-------- GIVEN MATERIAL --------
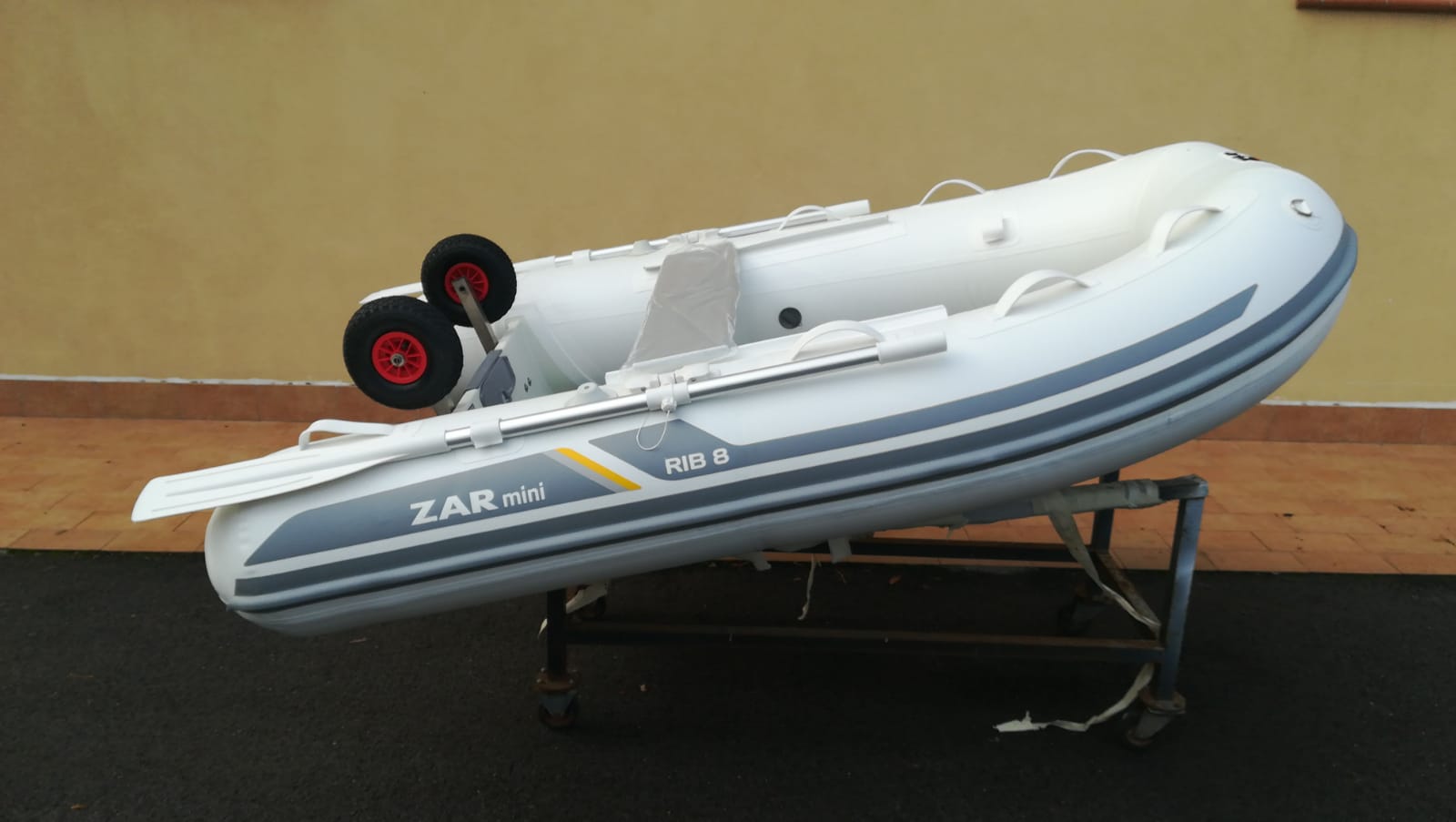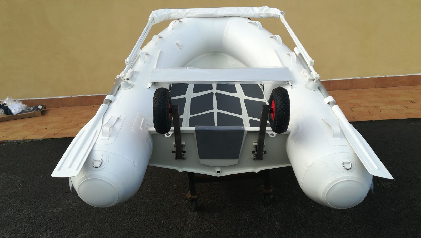 Il nuovo arrivato dei famosi ZAR Mini in alluminio_ Appena applicate ruote per specchio di poppa e tendalino parasole ribaltabile.
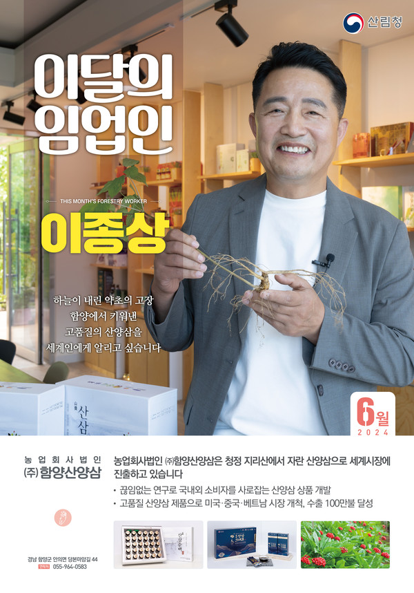 6월 이달의 임업인에 경남 함양에서 산양삼을 수출하는 이종상 ㈜함양산양삼 대표가 선정됐다.
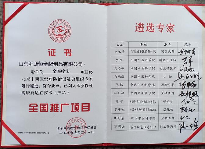 9、蝎精口服液,研发开始于1991年,经过孙纯孝多年的反复试验利用蝎毒配伍多味中药萃取液,选用鲜全蝎,蝎毒、配伍虫草、灵芝等多味名贵中药,采用生物抑菌技术加工而成。蝎精口服液经山东省卫生厅批准(鲁卫食加准字第068号),1994年列为国家级星火计划项目,经山东省产品质量监督检验所检验,富含多种氨基酸,微量元素、维生素等活性物质,对止咳、消炎、通络、镇痉、抗癌、止痛、增强免疫力有着立竿见影的效果,该品有效的保持了全蝎的营养保健医疗作用,可双向调节人体生理机能和免疫力,促进人体细胞活化再生、防病治病、强体健身、抗衰老,属全国首创。
--------
WORK TASK:
Send back the data above verbatim, leaving out its pictures.

FINAL ANSWER:
 Il nuovo arrivato dei famosi ZAR Mini in alluminio_ Appena applicate ruote per specchio di poppa e tendalino parasole ribaltabile.
 6월 이달의 임업인에 경남 함양에서 산양삼을 수출하는 이종상 ㈜함양산양삼 대표가 선정됐다.
 9、蝎精口服液,研发开始于1991年,经过孙纯孝多年的反复试验利用蝎毒配伍多味中药萃取液,选用鲜全蝎,蝎毒、配伍虫草、灵芝等多味名贵中药,采用生物抑菌技术加工而成。蝎精口服液经山东省卫生厅批准(鲁卫食加准字第068号),1994年列为国家级星火计划项目,经山东省产品质量监督检验所检验,富含多种氨基酸,微量元素、维生素等活性物质,对止咳、消炎、通络、镇痉、抗癌、止痛、增强免疫力有着立竿见影的效果,该品有效的保持了全蝎的营养保健医疗作用,可双向调节人体生理机能和免疫力,促进人体细胞活化再生、防病治病、强体健身、抗衰老,属全国首创。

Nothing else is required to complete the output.